Beware when using DES/TripleDES for data encryption
I recently worked on a secure device application which requires a PIN code to be entered as startup.The application database also needs to be encrypted. My first approach was to use a DESCryptoServiceProvider, which is among the few supported encryption methods in the .NET Compact Framework, to encrypt the database using the PIN code itself as the secret key.
My full code can be found here.
Soon after, I discovered the problem. The encrypted database can be decrypted if the secret key provided is slightly wrong. For example, if the secret key I used when encrypting is 12345678, the decryption will work with both 12345678 and 12345778 (wrong value). Thinking that this was almost certainly a bug, I went ahead to file a report at Microsoft Connect.

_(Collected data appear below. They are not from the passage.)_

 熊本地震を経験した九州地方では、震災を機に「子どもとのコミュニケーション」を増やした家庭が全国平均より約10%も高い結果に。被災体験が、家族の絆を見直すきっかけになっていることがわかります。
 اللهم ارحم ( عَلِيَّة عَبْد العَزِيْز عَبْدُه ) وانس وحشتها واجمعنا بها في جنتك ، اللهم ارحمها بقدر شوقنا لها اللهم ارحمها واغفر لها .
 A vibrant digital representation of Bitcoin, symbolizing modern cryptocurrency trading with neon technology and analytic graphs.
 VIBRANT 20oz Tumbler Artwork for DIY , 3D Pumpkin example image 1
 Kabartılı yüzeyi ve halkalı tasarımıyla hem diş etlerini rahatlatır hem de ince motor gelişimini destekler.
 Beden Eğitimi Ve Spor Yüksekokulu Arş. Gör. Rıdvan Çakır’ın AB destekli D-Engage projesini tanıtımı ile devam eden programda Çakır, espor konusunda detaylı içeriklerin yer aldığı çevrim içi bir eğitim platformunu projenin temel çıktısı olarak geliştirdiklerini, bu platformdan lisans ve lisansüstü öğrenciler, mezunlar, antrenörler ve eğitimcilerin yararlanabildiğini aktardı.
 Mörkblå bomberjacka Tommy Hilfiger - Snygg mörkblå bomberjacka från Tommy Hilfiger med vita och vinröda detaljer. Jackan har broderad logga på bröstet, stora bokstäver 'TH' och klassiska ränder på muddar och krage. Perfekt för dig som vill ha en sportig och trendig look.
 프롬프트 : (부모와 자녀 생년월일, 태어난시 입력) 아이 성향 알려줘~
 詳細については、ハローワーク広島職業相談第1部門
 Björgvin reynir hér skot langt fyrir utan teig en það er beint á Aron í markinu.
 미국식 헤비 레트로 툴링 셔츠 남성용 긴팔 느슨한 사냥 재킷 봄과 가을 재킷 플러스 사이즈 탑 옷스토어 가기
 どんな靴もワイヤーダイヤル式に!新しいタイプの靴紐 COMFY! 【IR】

I did not have to wait until Microsoft responsed me (which was 3 days later) for an answer. Soon after I read the Wikipedia article on DES, I immediate realized my mistake. The key ostensibly consists of 64 bits; however, only 56 of these are actually used by the algorithm. Eight bits are used solely for checking parity, and are thereafter discarded. This explains why the wrong secret key can be used to decrypt the data as described above.
I changed to TripleDES only to observe the same behaviour. As AES is not supported on the compact framework, I end up encrypting the database using an MD5 hash of the PIN code. Although you may argue that MD5 has some chance of collision, the above hash + encryption combination will ensure, at least with ultimate possibility, that there is no way for the database to be decrypted without the correct password.